■ Materials provided ■
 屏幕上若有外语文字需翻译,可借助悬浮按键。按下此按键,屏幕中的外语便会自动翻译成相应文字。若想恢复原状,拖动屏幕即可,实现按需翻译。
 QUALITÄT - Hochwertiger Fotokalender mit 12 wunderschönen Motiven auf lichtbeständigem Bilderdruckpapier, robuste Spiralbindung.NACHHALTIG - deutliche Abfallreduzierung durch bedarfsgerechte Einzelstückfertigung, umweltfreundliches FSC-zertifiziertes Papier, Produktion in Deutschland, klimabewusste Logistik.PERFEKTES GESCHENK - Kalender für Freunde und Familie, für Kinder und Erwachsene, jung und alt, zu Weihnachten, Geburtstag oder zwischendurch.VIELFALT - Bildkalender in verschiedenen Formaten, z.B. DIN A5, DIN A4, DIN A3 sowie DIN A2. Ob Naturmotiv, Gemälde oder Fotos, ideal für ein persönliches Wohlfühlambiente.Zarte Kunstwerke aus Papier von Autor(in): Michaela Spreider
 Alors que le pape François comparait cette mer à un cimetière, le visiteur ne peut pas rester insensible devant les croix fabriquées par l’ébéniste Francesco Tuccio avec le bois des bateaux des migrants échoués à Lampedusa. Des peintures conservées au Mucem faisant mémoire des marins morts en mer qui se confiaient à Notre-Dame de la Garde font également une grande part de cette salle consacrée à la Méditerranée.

* * *

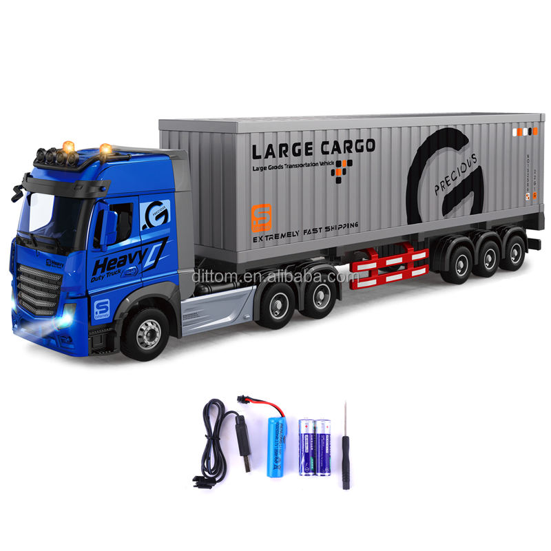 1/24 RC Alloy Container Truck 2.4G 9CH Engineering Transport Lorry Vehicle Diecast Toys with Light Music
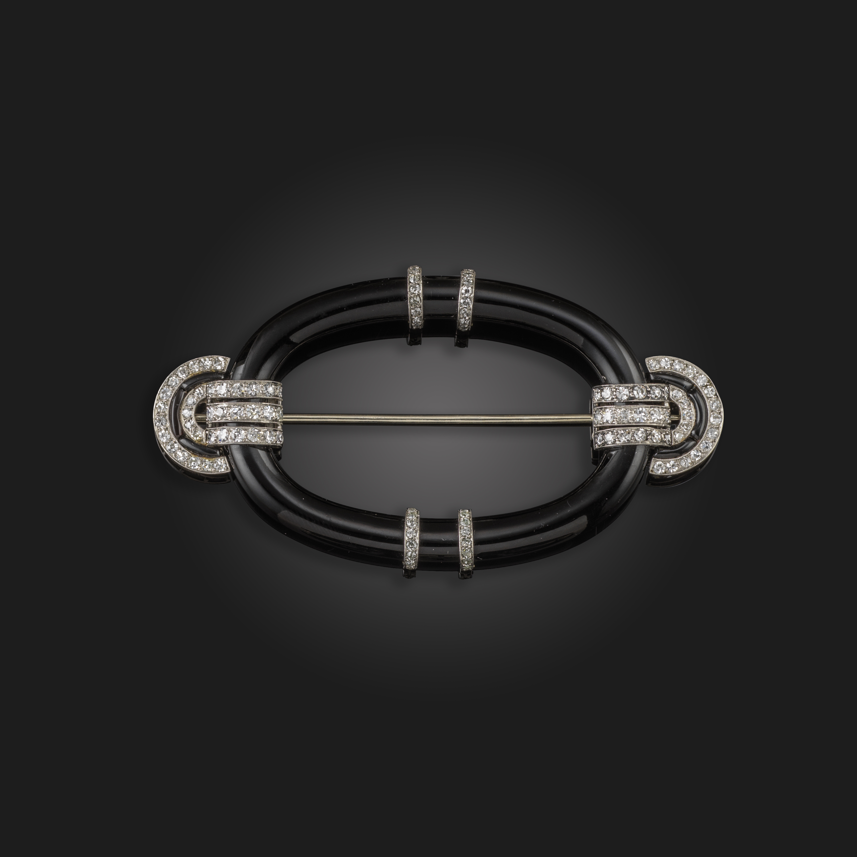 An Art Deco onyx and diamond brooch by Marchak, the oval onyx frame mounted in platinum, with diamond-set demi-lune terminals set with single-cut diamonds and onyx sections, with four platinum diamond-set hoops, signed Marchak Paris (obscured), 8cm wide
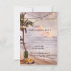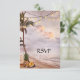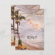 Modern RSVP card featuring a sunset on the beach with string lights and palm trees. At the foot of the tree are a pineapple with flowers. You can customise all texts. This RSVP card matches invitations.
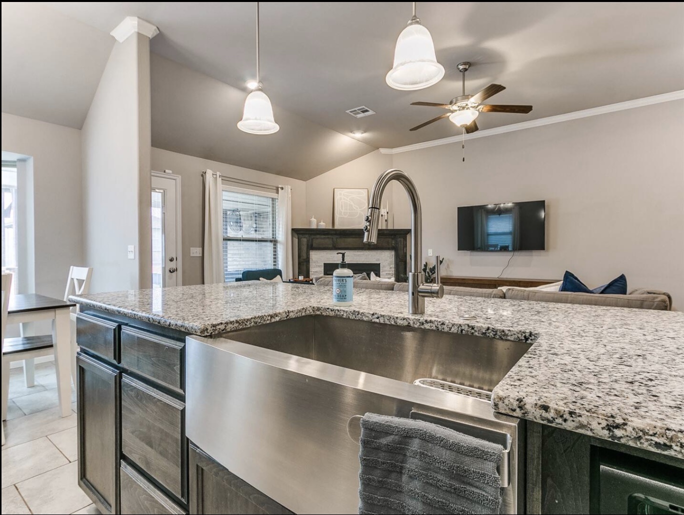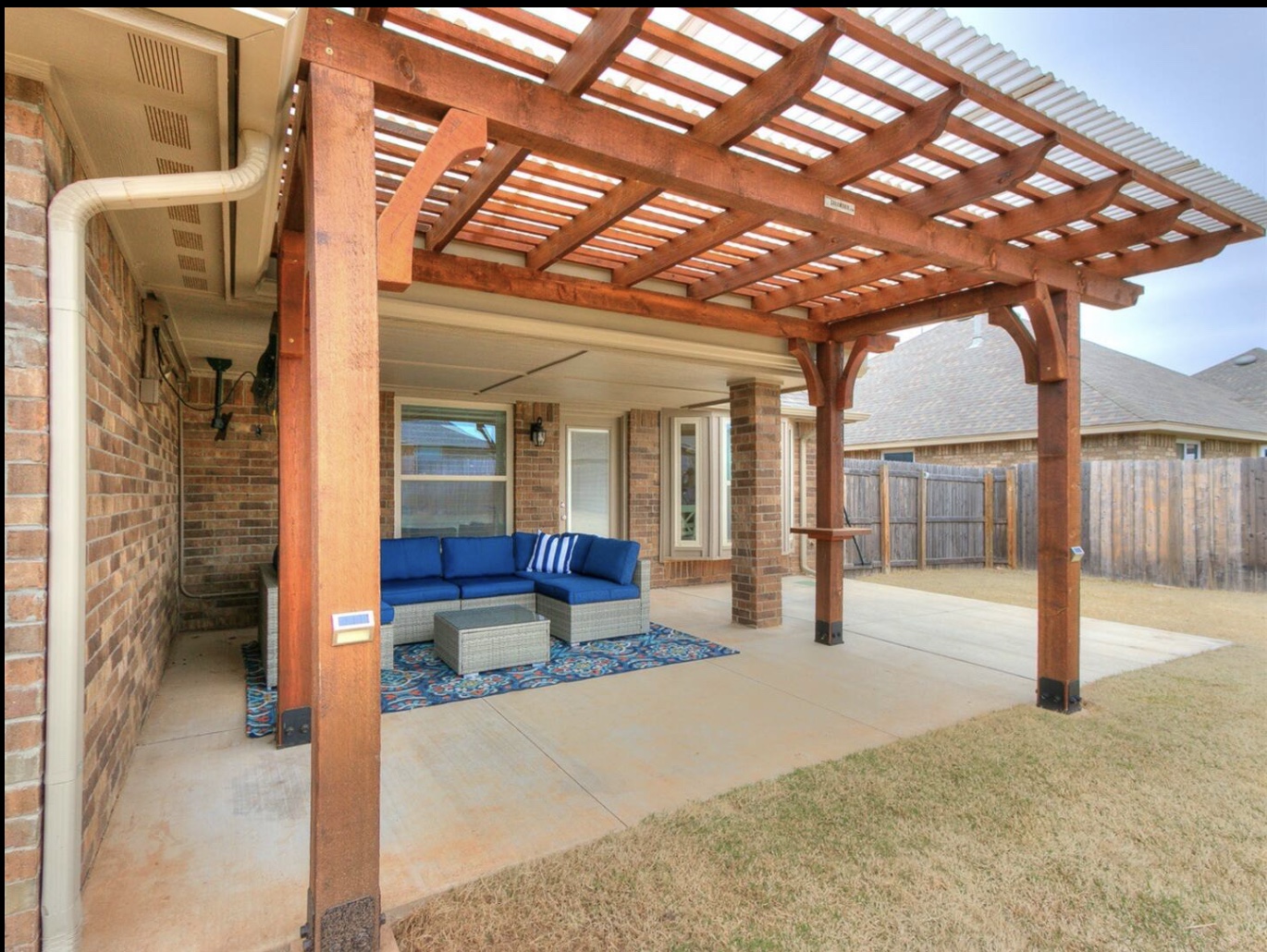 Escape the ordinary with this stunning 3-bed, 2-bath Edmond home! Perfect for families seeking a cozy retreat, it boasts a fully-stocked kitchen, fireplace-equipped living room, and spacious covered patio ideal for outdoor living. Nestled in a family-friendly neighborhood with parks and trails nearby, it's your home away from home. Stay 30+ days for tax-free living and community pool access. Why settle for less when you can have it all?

■ The problem ■
The entries above hold the needed span. Transcribe exactly the lines from the one with "QUALITÄT - Hochwertiger" to the one with "Alors que le", both included.

■ Output of the task ■
 QUALITÄT - Hochwertiger Fotokalender mit 12 wunderschönen Motiven auf lichtbeständigem Bilderdruckpapier, robuste Spiralbindung.NACHHALTIG - deutliche Abfallreduzierung durch bedarfsgerechte Einzelstückfertigung, umweltfreundliches FSC-zertifiziertes Papier, Produktion in Deutschland, klimabewusste Logistik.PERFEKTES GESCHENK - Kalender für Freunde und Familie, für Kinder und Erwachsene, jung und alt, zu Weihnachten, Geburtstag oder zwischendurch.VIELFALT - Bildkalender in verschiedenen Formaten, z.B. DIN A5, DIN A4, DIN A3 sowie DIN A2. Ob Naturmotiv, Gemälde oder Fotos, ideal für ein persönliches Wohlfühlambiente.Zarte Kunstwerke aus Papier von Autor(in): Michaela Spreider
 Alors que le pape François comparait cette mer à un cimetière, le visiteur ne peut pas rester insensible devant les croix fabriquées par l’ébéniste Francesco Tuccio avec le bois des bateaux des migrants échoués à Lampedusa. Des peintures conservées au Mucem faisant mémoire des marins morts en mer qui se confiaient à Notre-Dame de la Garde font également une grande part de cette salle consacrée à la Méditerranée.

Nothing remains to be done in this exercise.